Quote every line below exactly and skip any picture.

(RECORDED DATA begins)

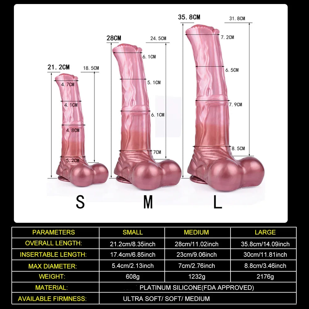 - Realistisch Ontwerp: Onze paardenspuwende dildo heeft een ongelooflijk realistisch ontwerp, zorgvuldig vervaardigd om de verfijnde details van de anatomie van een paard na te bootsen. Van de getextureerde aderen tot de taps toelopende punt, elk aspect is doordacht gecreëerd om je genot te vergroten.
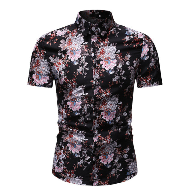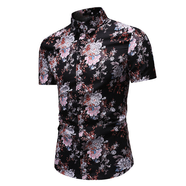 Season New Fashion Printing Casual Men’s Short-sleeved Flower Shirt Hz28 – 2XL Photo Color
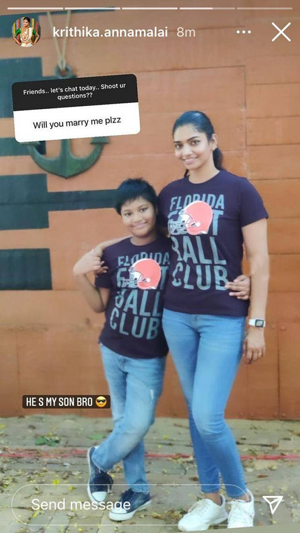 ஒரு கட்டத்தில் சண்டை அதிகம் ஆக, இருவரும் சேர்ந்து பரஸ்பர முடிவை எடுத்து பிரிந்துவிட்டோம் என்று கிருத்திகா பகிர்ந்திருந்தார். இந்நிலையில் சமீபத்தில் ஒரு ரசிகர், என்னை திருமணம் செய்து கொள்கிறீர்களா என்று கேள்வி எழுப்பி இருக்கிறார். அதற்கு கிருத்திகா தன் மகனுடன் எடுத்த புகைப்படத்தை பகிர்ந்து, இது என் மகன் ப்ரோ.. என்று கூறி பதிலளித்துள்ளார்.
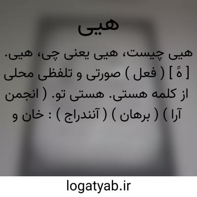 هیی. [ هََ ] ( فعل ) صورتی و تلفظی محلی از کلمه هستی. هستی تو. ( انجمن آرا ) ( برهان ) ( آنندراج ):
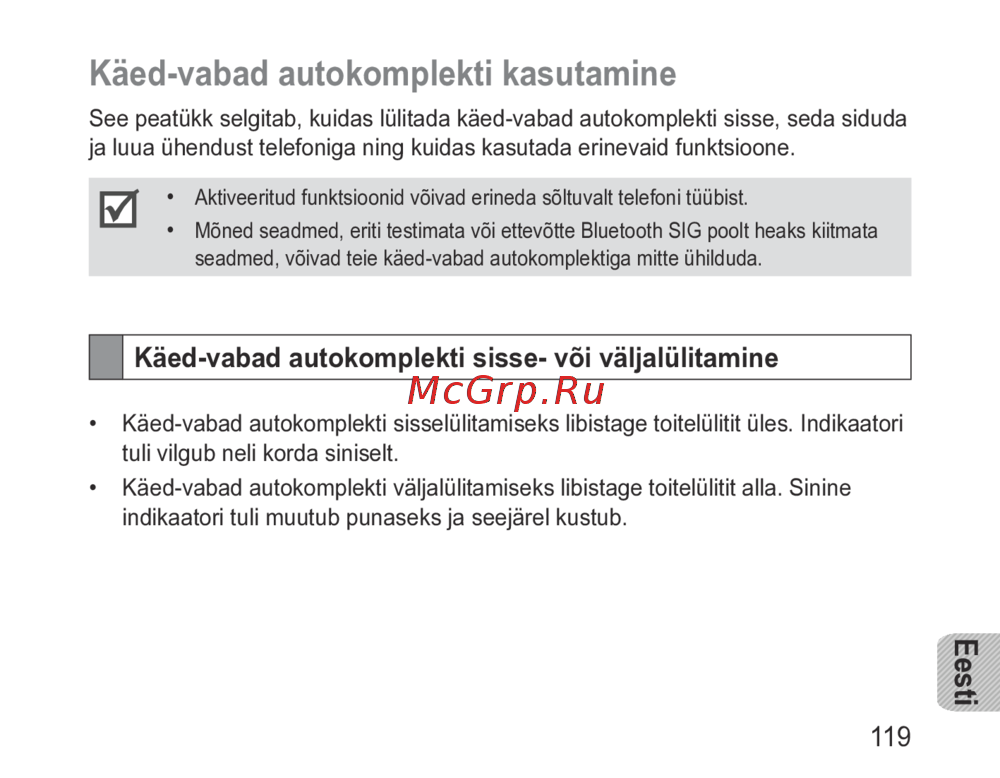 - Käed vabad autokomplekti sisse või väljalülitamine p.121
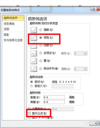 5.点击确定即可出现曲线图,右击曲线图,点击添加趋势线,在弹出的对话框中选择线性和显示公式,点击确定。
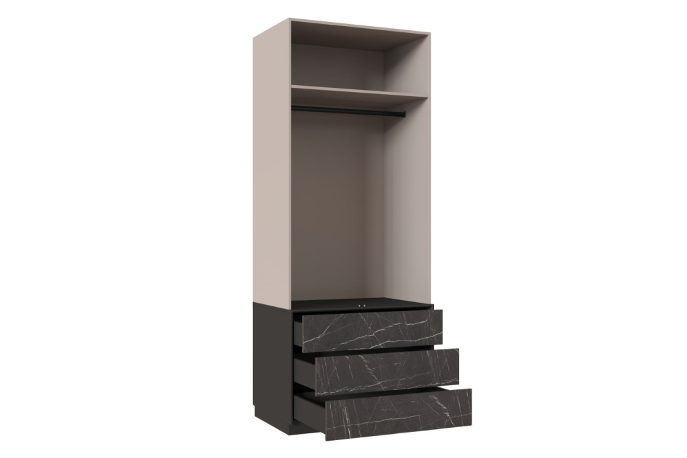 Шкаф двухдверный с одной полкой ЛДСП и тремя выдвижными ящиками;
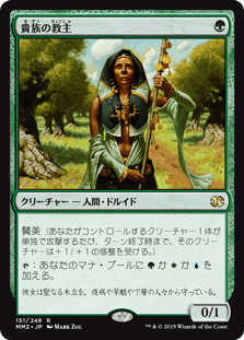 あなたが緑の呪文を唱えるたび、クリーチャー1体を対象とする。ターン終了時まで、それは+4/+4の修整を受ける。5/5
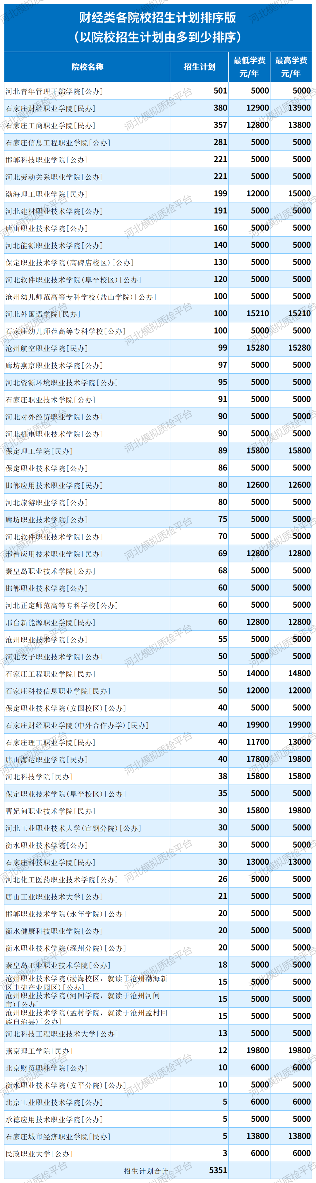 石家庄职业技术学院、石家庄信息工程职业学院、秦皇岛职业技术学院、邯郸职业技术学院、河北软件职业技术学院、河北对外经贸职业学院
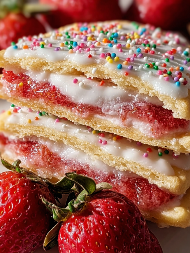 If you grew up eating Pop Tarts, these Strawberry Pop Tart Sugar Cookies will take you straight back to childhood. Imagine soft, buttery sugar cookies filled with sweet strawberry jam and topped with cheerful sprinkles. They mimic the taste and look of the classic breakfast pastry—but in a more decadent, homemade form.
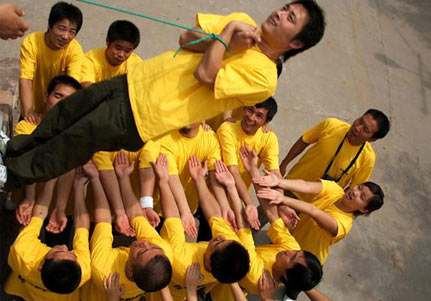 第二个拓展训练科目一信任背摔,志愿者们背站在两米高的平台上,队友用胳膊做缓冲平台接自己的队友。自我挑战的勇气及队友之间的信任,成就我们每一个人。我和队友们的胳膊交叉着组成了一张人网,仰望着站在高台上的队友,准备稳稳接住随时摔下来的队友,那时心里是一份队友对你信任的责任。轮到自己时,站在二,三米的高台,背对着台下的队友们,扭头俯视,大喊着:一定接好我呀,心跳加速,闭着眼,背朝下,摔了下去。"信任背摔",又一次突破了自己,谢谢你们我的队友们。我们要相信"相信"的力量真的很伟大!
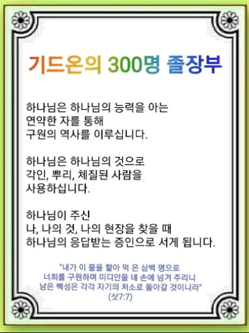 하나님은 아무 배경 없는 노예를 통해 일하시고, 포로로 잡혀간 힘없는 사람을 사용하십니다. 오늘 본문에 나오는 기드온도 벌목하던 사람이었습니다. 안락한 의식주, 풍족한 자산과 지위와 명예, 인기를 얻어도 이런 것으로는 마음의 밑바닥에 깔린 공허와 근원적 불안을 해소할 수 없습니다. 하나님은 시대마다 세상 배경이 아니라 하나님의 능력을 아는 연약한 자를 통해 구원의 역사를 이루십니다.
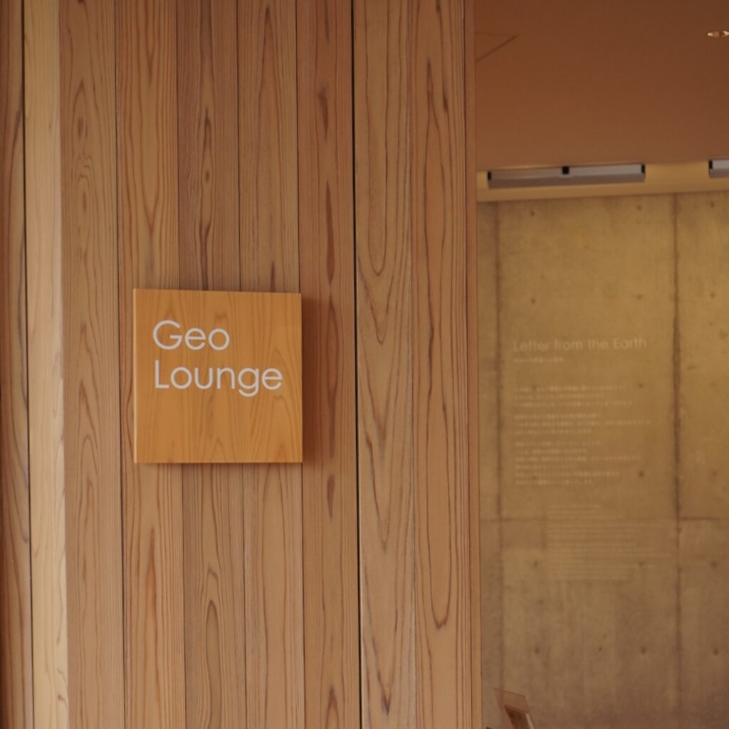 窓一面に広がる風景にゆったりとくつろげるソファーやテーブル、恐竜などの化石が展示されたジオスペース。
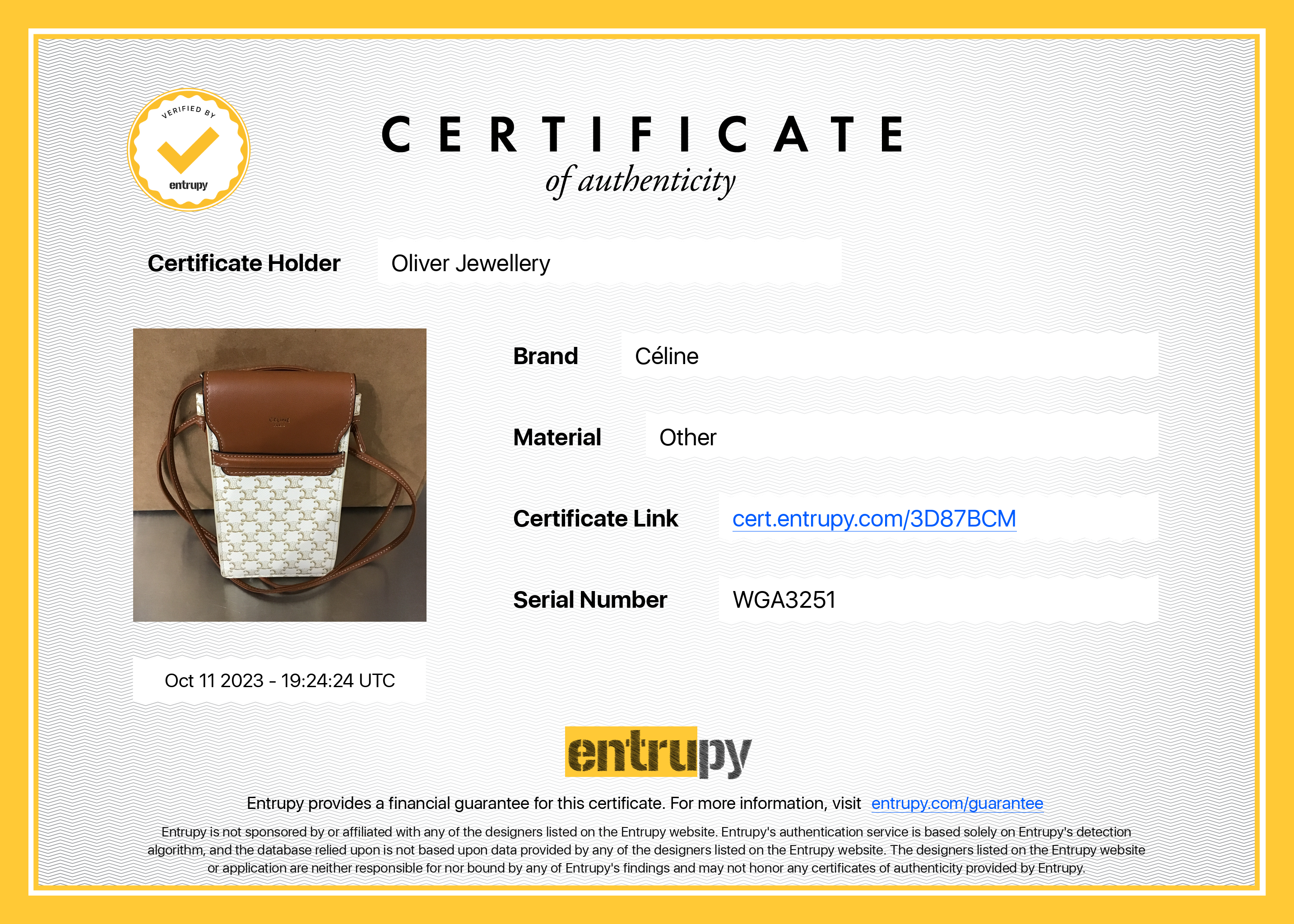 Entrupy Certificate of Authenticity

(RECORDED DATA ends)

## ANSWER TO THIS TASK
 - Realistisch Ontwerp: Onze paardenspuwende dildo heeft een ongelooflijk realistisch ontwerp, zorgvuldig vervaardigd om de verfijnde details van de anatomie van een paard na te bootsen. Van de getextureerde aderen tot de taps toelopende punt, elk aspect is doordacht gecreëerd om je genot te vergroten.
 Season New Fashion Printing Casual Men’s Short-sleeved Flower Shirt Hz28 – 2XL Photo Color
 ஒரு கட்டத்தில் சண்டை அதிகம் ஆக, இருவரும் சேர்ந்து பரஸ்பர முடிவை எடுத்து பிரிந்துவிட்டோம் என்று கிருத்திகா பகிர்ந்திருந்தார். இந்நிலையில் சமீபத்தில் ஒரு ரசிகர், என்னை திருமணம் செய்து கொள்கிறீர்களா என்று கேள்வி எழுப்பி இருக்கிறார். அதற்கு கிருத்திகா தன் மகனுடன் எடுத்த புகைப்படத்தை பகிர்ந்து, இது என் மகன் ப்ரோ.. என்று கூறி பதிலளித்துள்ளார்.
 هیی. [ هََ ] ( فعل ) صورتی و تلفظی محلی از کلمه هستی. هستی تو. ( انجمن آرا ) ( برهان ) ( آنندراج ):
 - Käed vabad autokomplekti sisse või väljalülitamine p.121
 5.点击确定即可出现曲线图,右击曲线图,点击添加趋势线,在弹出的对话框中选择线性和显示公式,点击确定。
 Шкаф двухдверный с одной полкой ЛДСП и тремя выдвижными ящиками;
 あなたが緑の呪文を唱えるたび、クリーチャー1体を対象とする。ターン終了時まで、それは+4/+4の修整を受ける。5/5
 石家庄职业技术学院、石家庄信息工程职业学院、秦皇岛职业技术学院、邯郸职业技术学院、河北软件职业技术学院、河北对外经贸职业学院
 If you grew up eating Pop Tarts, these Strawberry Pop Tart Sugar Cookies will take you straight back to childhood. Imagine soft, buttery sugar cookies filled with sweet strawberry jam and topped with cheerful sprinkles. They mimic the taste and look of the classic breakfast pastry—but in a more decadent, homemade form.
 第二个拓展训练科目一信任背摔,志愿者们背站在两米高的平台上,队友用胳膊做缓冲平台接自己的队友。自我挑战的勇气及队友之间的信任,成就我们每一个人。我和队友们的胳膊交叉着组成了一张人网,仰望着站在高台上的队友,准备稳稳接住随时摔下来的队友,那时心里是一份队友对你信任的责任。轮到自己时,站在二,三米的高台,背对着台下的队友们,扭头俯视,大喊着:一定接好我呀,心跳加速,闭着眼,背朝下,摔了下去。"信任背摔",又一次突破了自己,谢谢你们我的队友们。我们要相信"相信"的力量真的很伟大!
 하나님은 아무 배경 없는 노예를 통해 일하시고, 포로로 잡혀간 힘없는 사람을 사용하십니다. 오늘 본문에 나오는 기드온도 벌목하던 사람이었습니다. 안락한 의식주, 풍족한 자산과 지위와 명예, 인기를 얻어도 이런 것으로는 마음의 밑바닥에 깔린 공허와 근원적 불안을 해소할 수 없습니다. 하나님은 시대마다 세상 배경이 아니라 하나님의 능력을 아는 연약한 자를 통해 구원의 역사를 이루십니다.
 窓一面に広がる風景にゆったりとくつろげるソファーやテーブル、恐竜などの化石が展示されたジオスペース。
 Entrupy Certificate of Authenticity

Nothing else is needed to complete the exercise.